> DATA BELOW:
──────────
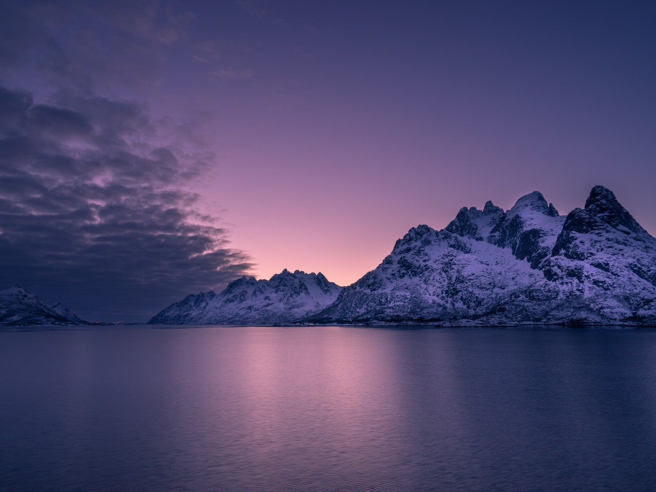 Wonderful Mountains and Lake with Purple Sunset - 1280x960
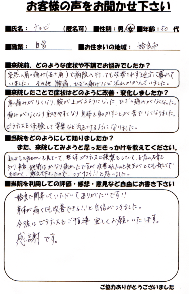 姶良市で整体、ピラティスと検索した際にお店を知り来店しました。
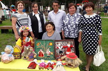 Руководитель кружка "Рукодельница" Симакаева И.И. совместно с ученицей 6 а класса Наумовой Д.- участники мастер - класса "Пальчиковые куклы".
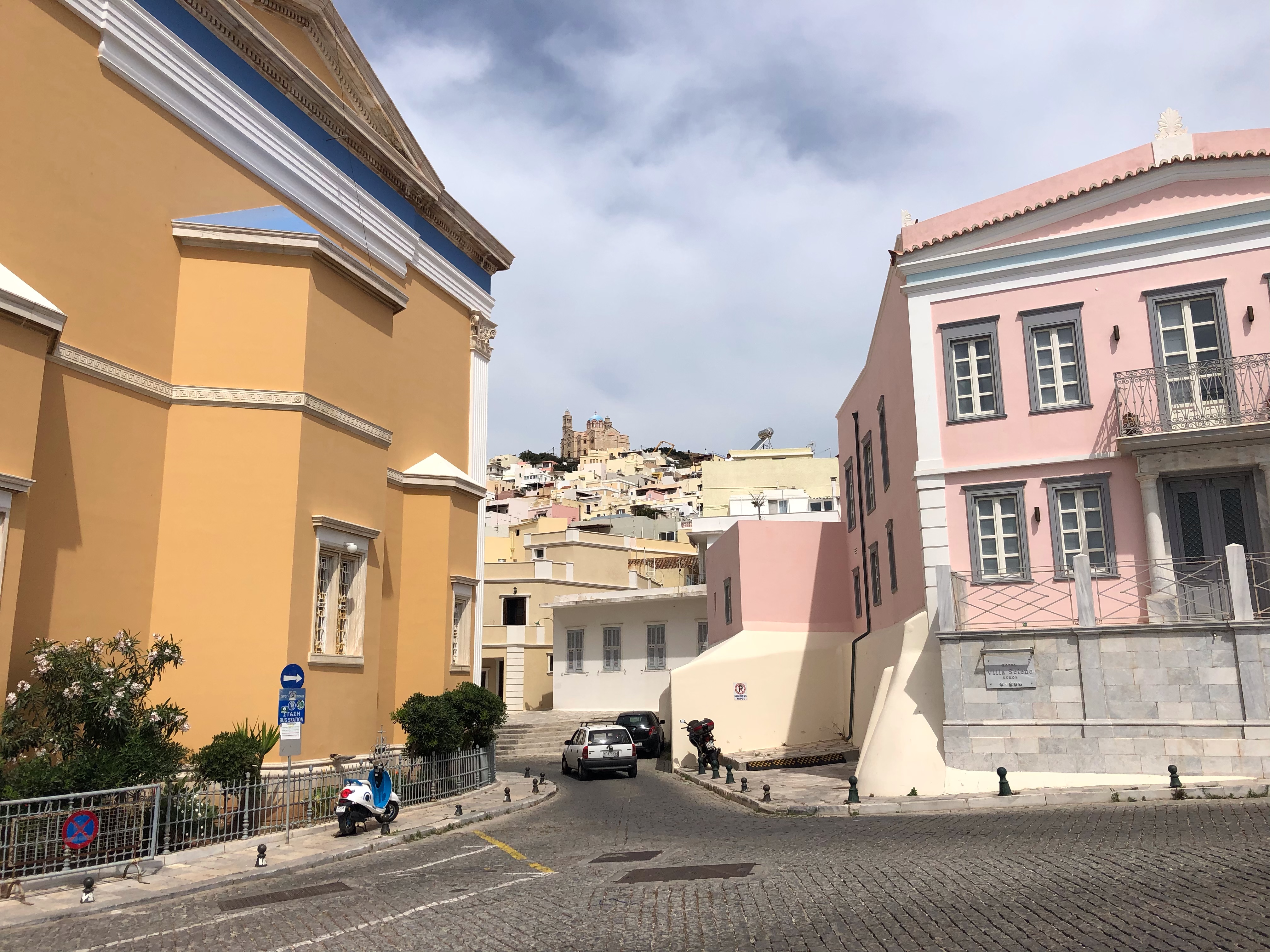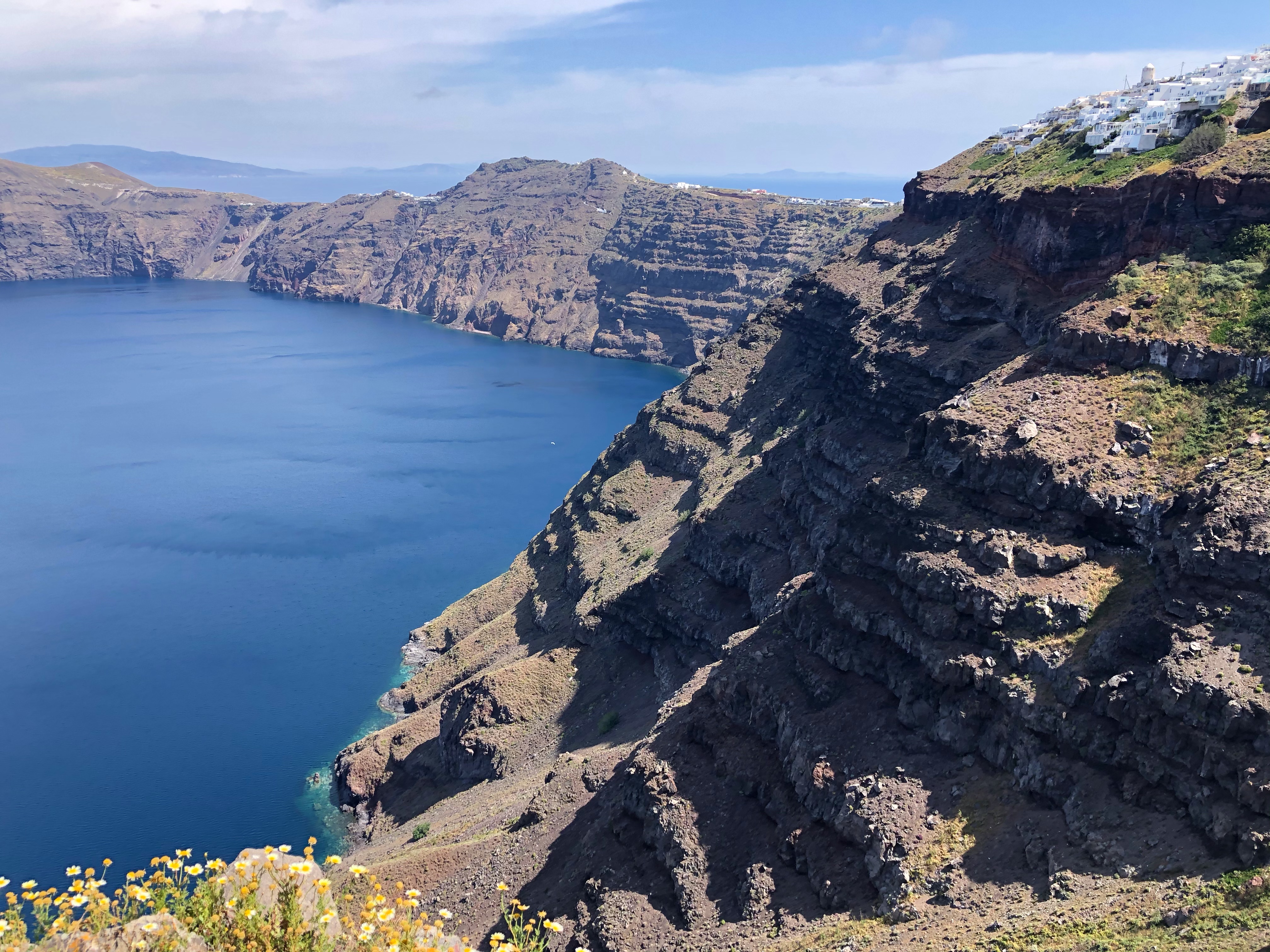 And one of my favourite moments of the whole trip happened on Santorini. Ali likes to remind me of that but I contend that this could have happened in any Greek village anywhere. Let me explain. It is possible to escape the crowds, souvenir shops, overpriced restaurants, traffic, mistreated donkeys etc. on Santorini if you rent a scooter and seek out a few of the small villages where some semblance of traditional Greek life actually still goes on. Well, whilst in one of these villages on a Sunday morning we found the locals at church, with a marching band waiting outside. We wandered up to the top of the hill where another whitewashed blue domed church stood that you could actually stand on top of, which we did, on our own. And then the church bells of the other two churches in the village started up (there are more churches than you can poke a stick at, and blue domes abound). We stood there, no tourists, no selfie sticks, it was beautiful. When the bells stopped and we came down the locals were all outside their church sharing food and drinking wine. Beautiful.
──────────
> EXERCISE GOAL:
Quote, please, every line of the material above from its start through the line that has "Симакаева И.И. совместно", reproducing the words exactly and dropping any images.

> EXERCISE ANSWER:
 Wonderful Mountains and Lake with Purple Sunset - 1280x960
 姶良市で整体、ピラティスと検索した際にお店を知り来店しました。
 Руководитель кружка "Рукодельница" Симакаева И.И. совместно с ученицей 6 а класса Наумовой Д.- участники мастер - класса "Пальчиковые куклы".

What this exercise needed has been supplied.